- Born: 21 November 1939 Penang, Straits Settlements
- Died: 10 November 2022 (aged 82)
- Education: Department of Drama and Theatre
- Alma mater: University of Hawaiʻi
- Occupation: Writer
- Writing career
- Language: English
- Notable awards: – International Award for Outstanding Contribution for Humanity, Peace, Culture and Education (Forum for Culture and Human Development, Bangladesh) (2001) - Dove Award for Excellence in Poetry awarded (Poetry Day Australia), (2001)

= Ghulam-Sarwar Yousof =

Malaysian writer and academic (1939–2022)
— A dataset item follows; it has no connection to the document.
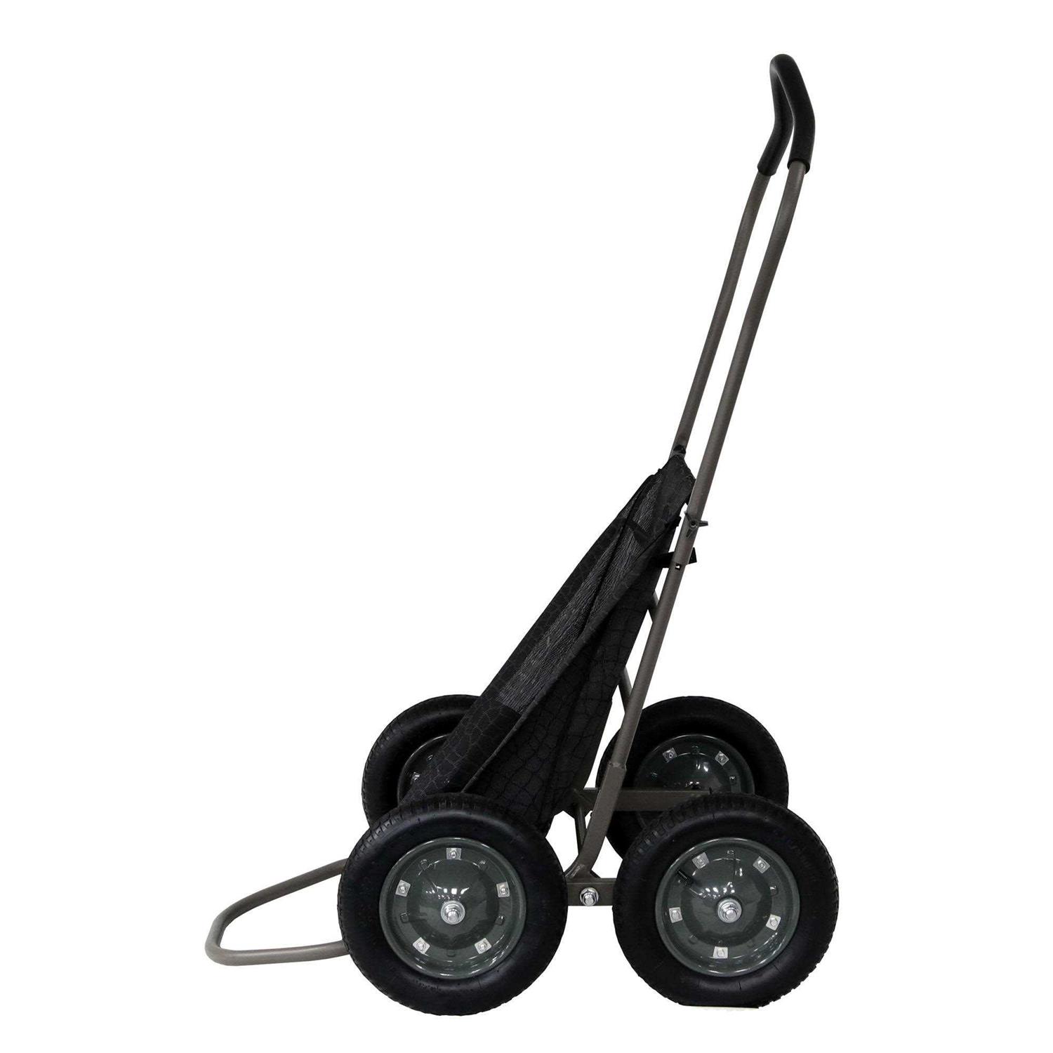 Haul the heaviest of loads with ease with the HAWK Crawler 500 lbs. The Crawler Deer Cart brings an amazing level of strength, stability and versatility. Patent Pending Dual Rotating Axles allow cart to crawl over top of objects in its way. 4 all-terrain tires and oversized tubing result in ultimate balance and weight management. The tires do all of the moving with uneven terrain which keeps the weight in the center of the cart stabilized, prevents shifting and ‘tipping’ and ultimately results in a smooth pull. Textilene DuraMesh sling adds versatility for hauling bait, firewood and other heavy loads. Handle and cart conveniently fold for easy storage and transportation. This cart comes with instructions for easy assembly. Easily haul game, gear or large loads wherever you need with the 500 lbs.

Ghulam-Sarwar Yousof (ਗੁਲਾਮ-ਸਰਵਰ ਯੁਸੂਫ; 21 November 1939 – 10 November 2022) was a Malaysian academic and writer.

He published three collections of verse: Performed Memories (1982), Songs for Shooting Stars: Mystical Verse (2011) and Transient Moments (2012).

One book said "Ghulam Sarwar’s contemporary poetry and Wordsworth’s poems from the Romantic era have a very similar and strong affinity with nature."

== Death ==
Yousof died on 10 November 2022, at the age of 82.